Erkenci Hacı Bakkal, dükkânının kepenklerini henüz açmaktayken bile söylenirdi. “Yine geç kaldın” derdi. “Bu gidişle öbür fırınla çalışacağım.” Bir şeyler diyemezdim ona. Bana yardım eder. Ağır sepeti başımdan alır, kendisine ayrılmış pideleri “Bu yanmış, bu hamur kalmış” bahaneleri arasında tek tek sayar, sonra sepeti tekrar başıma kordu.

Hacı Bakkal'dan ayrılınca sırada kimin olduğunu bilirdim. Son uğrayacağım yer Bakkal Nazım'dı. İçimden dua ederdim. İnşallah dükkanı bugün de kızı açmıştır diye.

Adı Hülya idi.

Kıvır kıvır sarı saçları omuzlarını örterdi. Sınıfımdaki kızlara hiç benzemezdi.
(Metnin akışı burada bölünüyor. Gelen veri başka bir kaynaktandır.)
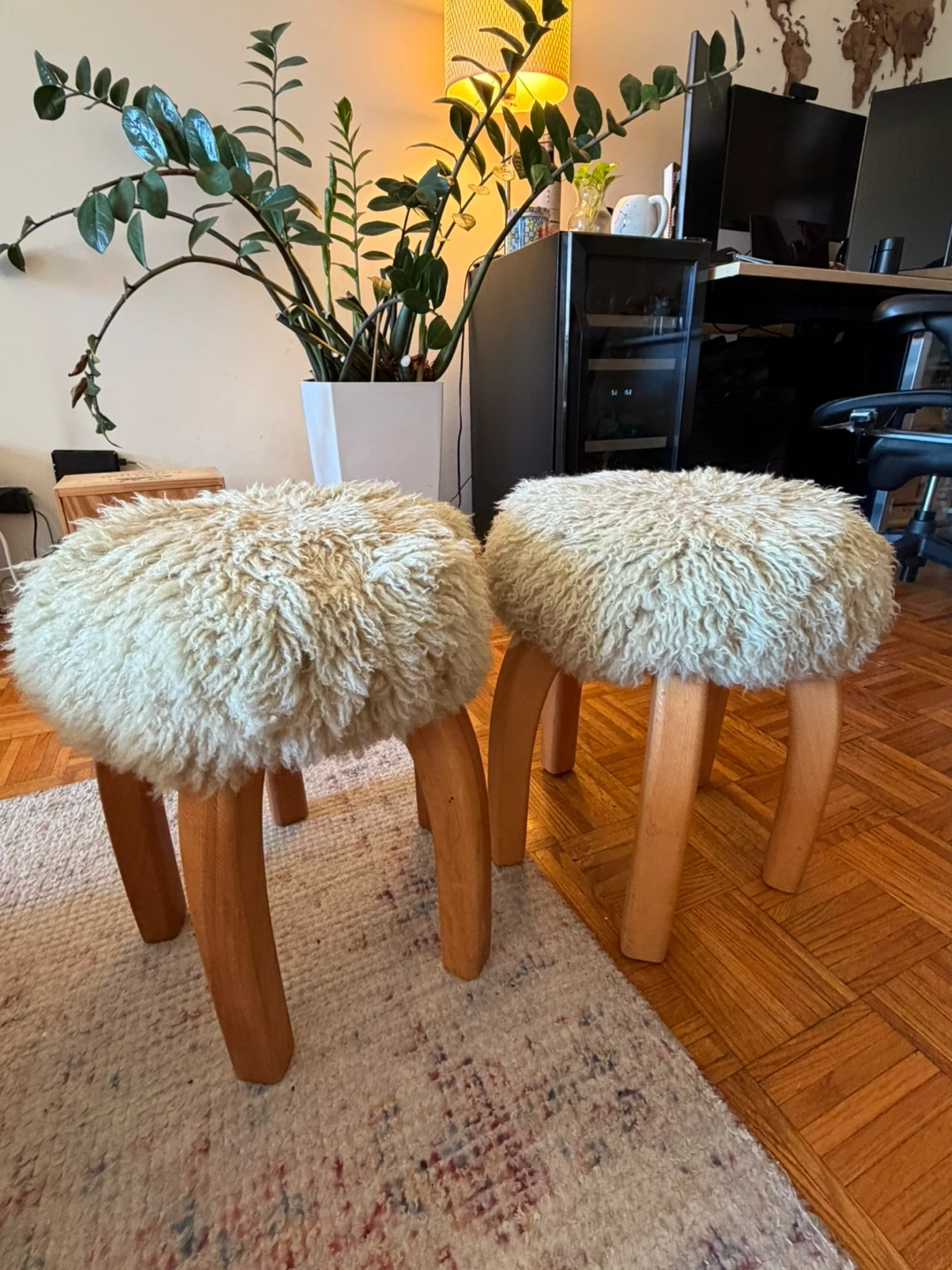 Pair of sheepskin stools with solid wood legs. Gently used, minor marks on legs (see photos). Very sturdy and stylish. Selling as a set preferred.

Ekmekleri sayarken durup durup bana bakardı. Sayıyı şaşırır, bir daha sayardı.

“Bu kez ben sayayım” derdim.

Ben de şaşırırdım.

Bu kez o sayardı.

İşte ustalar, “Bakkallara dağıttığın ekmeklerin hesabını iyi yaptın mı?” diye her

soruşlarında aklıma Hülya gelirdi.

Hülya'nın ekmekleri...

Dağıtım işi bitince, seleyi fırına bırakır, yevmiyemi alır, hesabı babama verir okula koşardım.
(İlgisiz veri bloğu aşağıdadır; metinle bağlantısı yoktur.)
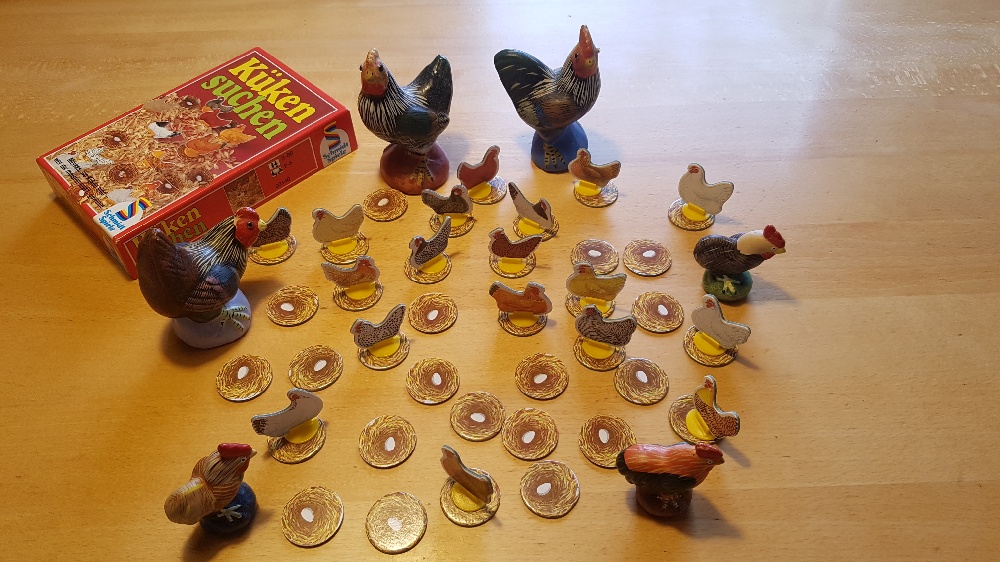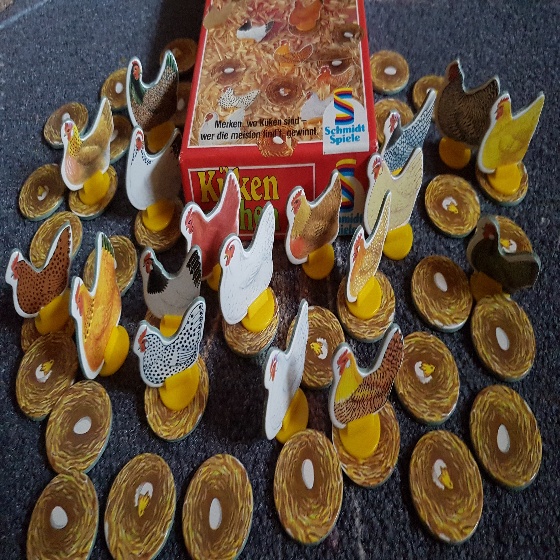 Auf dem Hühnerhof ist einiges los, es ist ein einziges gegackere und Gepiepse. Überall sitzen Hennen auf ihren Nestern und brüten Eier aus. Und siehe da, die ersten Küken schlüpfen auch schon. Doch unter welchen Hennen stecken die Küken denn nun? Wer am Ende die meisten Küken sammeln konnte, ist Sieger.

Yol boyu paramı yeniden yeniden sayar, her defasında da geç kalırdım.

Her gün azar işitir, tokat yerdim okulda.

Bir gün yine sıkıştırdığında anlattım da baş muavine neden geç kaldığımı, durup dururken sevdi adam beni. “Babanla görüşeceğim çalıştırmasın seni” dedi. “Hah” dedim içimden “Amcam da öyle diyor zaten.” Bir de diyebilseydim Başmuavine; “öğretmenim, koca fırının bütün hesaplarını ben yapıyorum, ama matematikten hep zayıf alıyorum, niye ki?..”

Bir aklım Hülya'nın ekmeklerinde, bir aklım babam ve ortaklarının sorularında iken; “Şey” dedim onlara; “Şey!...” “Ne?..” diye sordular, üçü birden.
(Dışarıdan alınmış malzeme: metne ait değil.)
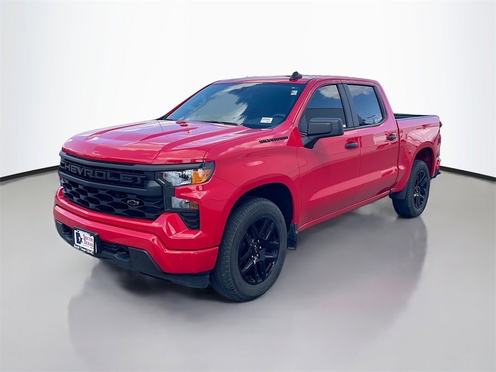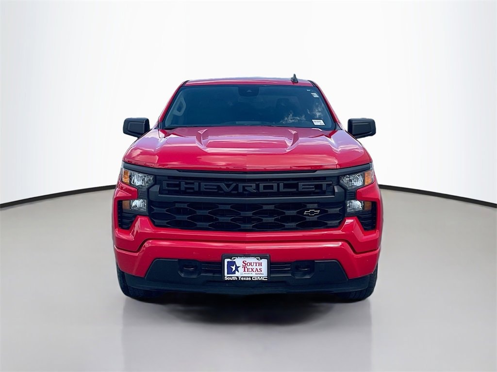Clean CARFAX. CARFAX One-Owner. Red Hot 2023 Chevrolet Silverado 1500 Custom RWD 8-Speed Automatic 2.7L TurboWE ARE OPEN FOR ALL YOUR SALES AND SERVICE NEEDS! COMPLETE ONLINE BUYING EXPERIENCE AVAILABLE!CALL 956-661-5000 TO SCHEDULE YOUR CONTACT FREE TEST DRIVE TODAY!8-Speed Automatic, Black Cloth, 10-Way Power Driver Seat w/Lumbar, 120-Volt Bed Mounted Power Outlet, 120-Volt Instrument Panel Power Outlet, 3.42 Rear Axle Ratio, 3.5 Monochromatic Display Driver Info Center, 4-Wheel Disc Brakes, 40/20/40 Front Split-Bench Seat, 6 Speakers, 6-Speaker Audio System, ABS brakes, Air Conditioning, Alloy wheels, AM/FM radio: SiriusXM, Apple CarPlay/Android Auto, Auto High-beam Headlights, Automatic Emergency Braking, Bluetooth® For Phone, Brake assist, Bumpers: body-color, Chevrolet Connected Access Capable, Cloth Seat Trim, Color-Keyed Carpeting Floor Covering, Compass, Custom Convenience Package, Custom Value Package, Deep-Tinted Glass, Delay-off headlights, Driver door bin, Driver vanity mirror, Dual front impact airbags, Dual front side impact airbags, Dual Rear USB Ports (Charge Only), Electric Rear-Window Defogger, Electrical Steering Column Lock, Electronic Cruise Control, Electronic Stability Control, EZ Lift Power Lock & Release Tailgate, Following Distance Indicator, Forward Collision Alert, Front anti-roll bar, Front Black Bowtie Emblem (LPO), Front Center Armrest w/Storage, Front Frame-Mounted Black Recovery Hooks, Front License Plate Kit, Front Pedestrian Braking, Front reading lights, Front Rubberized Vinyl Floor Mats, Front wheel independent suspension, Fully automatic headlights, HD Rear Vision Camera, Heated door mirrors, High Capacity Suspension Package, Hitch Guidance, Illuminated entry, IntelliBeam Automatic High Beam On/Off, Lane Keep Assist w/Lane Departure Warning, LED Cargo Area Lighting, Low tire pressure warning, Manual Tilt Wheel Steering Column, Not Equipped w/Rear USB Ports, Not Equipped w/Steering Column Lock, Occupant sensing airbag, OnStar & Chevrolet Connected Services Capable, Outside temperature display, Overhead airbag, Overhead console, Panic alarm, Passenger door bin, Passenger vanity mirror, Power door mirrors, Power driver seat, Power Front Windows w/Driver Express Up/Down, Power Front Windows w/Passenger Express Down, Power Rear Windows w/Express Down, Power steering, Power windows, Preferred Equipment Group 1CX, Premium audio system: Chevrolet Infotainment 3, Radio data system, Radio: Chevrolet Infotainment 3 System, Rear 60/40 Folding Bench Seat (Folds Up), Rear reading lights, Rear Rubberized-Vinyl Floor Mats, Rear step bumper, Rear window defroster, Remote Keyless Entry, Remote keyless entry, Remote Vehicle Starter System, Security system, SiriusXM Radio, Speed control, Speed-sensing steering, Split folding rear seat, Standard Tailgate, Tachometer, Theft Deterrent System (Unauthorized Entry), Tilt steering wheel, Traction control, Trailering Package, Trip computer, Variably intermittent wipers, Voltmeter, Wheels: 20 x 9 Bright Silver Painted Aluminum, Wheels: 20 x 9 High Gloss Black Painted Alum, Wi-Fi Hot Spot Capable, Wireless Phone Projection, 8-Speed Automatic, Black Cloth.Odometer is 15288 miles below market average!

“Siz hamur yumaklarını tartıyor musunuz?...”

“Evet...” dediler.

“Peki teraziniz doğru mu?...”

“Evet...” dediler.

“Hayır” dedim, “doğru değil…”

“Nasıl?...” dediler.

“Gidip hamur yumağını bakkal amcanın terazisinde bir tartın bakayım.”

Haklıydım.

Nasıl da keyiflenmişlerdi.

Beni ne çok sevmişlerdi.

Babam nasıl da gururlanmıştı.

Ama bunu Mahmut Amcama söylemediler.

Okuldan çıkar çıkmaz yine fırına koşuyordum.

Bu kez akşam ekmeği sıradaydı.

Akşam ekmeğinden önce de yemek vardı.

Kasaptan eti, manavdan domates, soğan, biber, patates, patlıcanı almış güvece kat kat yerleştirmiş, üstüne tuzunu, az tereyağını, pul biberini serpmiş, ağır ateşte, bir saate yakın bırakmış, dışarıya almış ve soğumaya bırakmış olurlardı.

Ben gelince güveci kocaman bir tepsiye boca eder, dizilirlerdi etrafına. Babam, ben, hamurcu, pişirici, olursa bir-iki kıymetli müşteri, çok meşgul değilse bakkal amca, bazen berber, olmadı kasap, ara sıra mütahit Armağan Bey'in oğullarından bir ikisi tepsiye batar batar çıkardık. O nasıl bir hengâmeydi, o ne biçim bir güzellikti ve elbette o nasıl bir yarıştı.. Gel de anlat...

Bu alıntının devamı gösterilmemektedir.